Reduced CYFIP1 in Human Neural Progenitors Results in Dysregulation of Schizophrenia and Epilepsy Gene Networks

• Published in: PloS one Vol. 11; no. 1; p. e0148039
• Main Authors: Nebel, Rebecca A, Zhao, Dejian, Pedrosa, Erika, Kirschen, Jill, Lachman, Herbert M, Zheng, Deyou, Abrahams, Brett S
• Format: Journal Article
• Language: English
• Published: United States Public Library of Science 29.01.2016; Public Library of Science (PLoS)

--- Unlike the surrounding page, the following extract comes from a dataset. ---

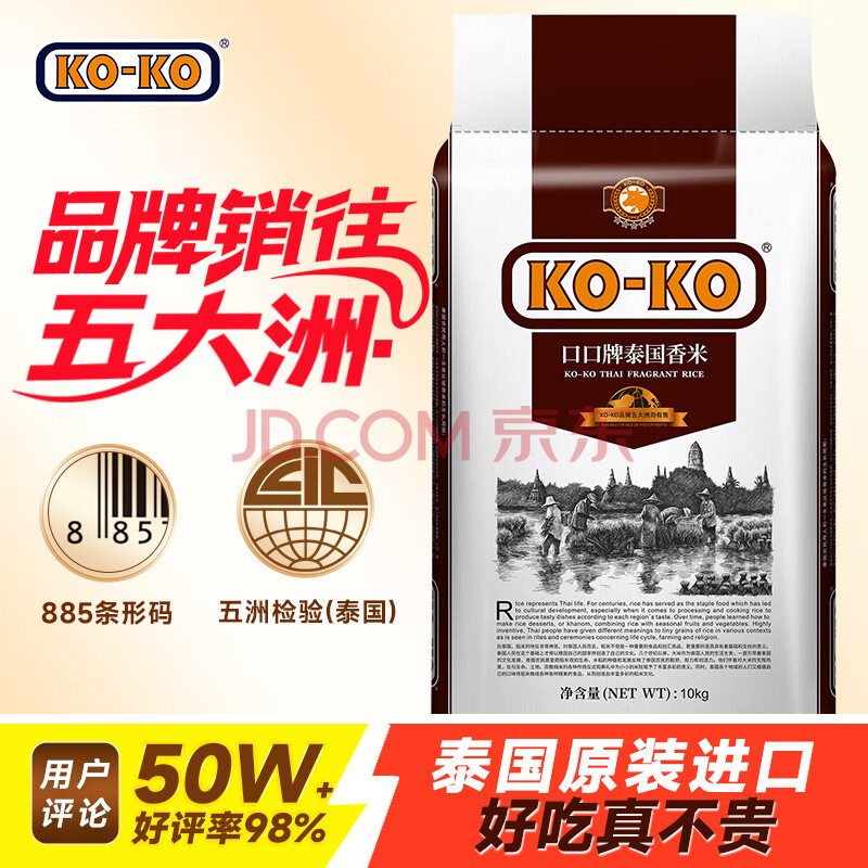 商品名称:KO-KO(口口牌) 泰国香米 大米20斤 原装进口 长粒米 koko泰国香米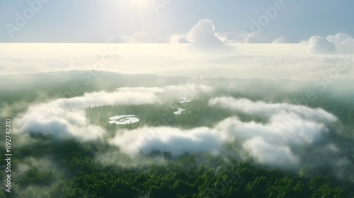 © bharath, Obraz premium Aerial view above the clouds with a hint of sunlight

• Subjects: Adaptor Proteins, Signal Transducing - genetics; Adult; Autism; Base Sequence; Behavioral sciences; Bioinformatics; Biology and Life Sciences; Carriers; Chromosomes, Human, Pair 15; Clonal deletion; Cytoskeleton; Disease; Epilepsy; Epilepsy - genetics; Epilepsy - metabolism; Epilepsy - pathology; Gene expression; Gene Expression Profiling; Gene Expression Regulation; Gene Knockdown Techniques; Gene Regulatory Networks; Genes; Genetic aspects; Genetic counseling; Genetic Loci; Genetics; Genomes; Health risk assessment; Heterozygote; Humans; Male; Medicine; Medicine and Health Sciences; Mental disorders; Middle Aged; Migraine; Molecular Sequence Data; Nerve Tissue Proteins - genetics; Neural stem cells; Neural Stem Cells - metabolism; Neural Stem Cells - pathology; Neurosciences; Physiological aspects; Postsynaptic density; Primary Cell Culture; Proteins; Psychiatry; Ribonucleic acid; Risk; Risk factors; RNA; Schizophrenia; Schizophrenia - genetics; Schizophrenia - metabolism; Schizophrenia - pathology; Sequence Deletion; Stem cells; United States; New York; United States > US
• ISSN: 1932-6203; 1932-6203
• DOI: 10.1371/journal.pone.0148039

Deletions encompassing the BP1-2 region at 15q11.2 increase schizophrenia and epilepsy risk, but only some carriers have either disorder. To investigate the role of CYFIP1, a gene within the region, we performed knockdown experiments in human neural progenitors derived from donors with 2 copies of each gene at the BP1-2 locus. RNA-seq and cellular assays determined that knockdown of CYFIP1 compromised cytoskeletal remodeling. FMRP targets and postsynaptic density genes, each implicated in schizophrenia, were significantly overrepresented among differentially expressed genes (DEGs). Schizophrenia and/or epilepsy genes, but not those associated with randomly selected disorders, were likewise significantly overrepresented. Mirroring the variable expressivity seen in deletion carriers, marked between-line differences were observed for dysregulation of disease genes. Finally, a subset of DEGs showed a striking similarity to known epilepsy genes and represents novel disease candidates. Results support a role for CYFIP1 in disease and demonstrate that disease-related biological signatures are apparent prior to neuronal differentiation.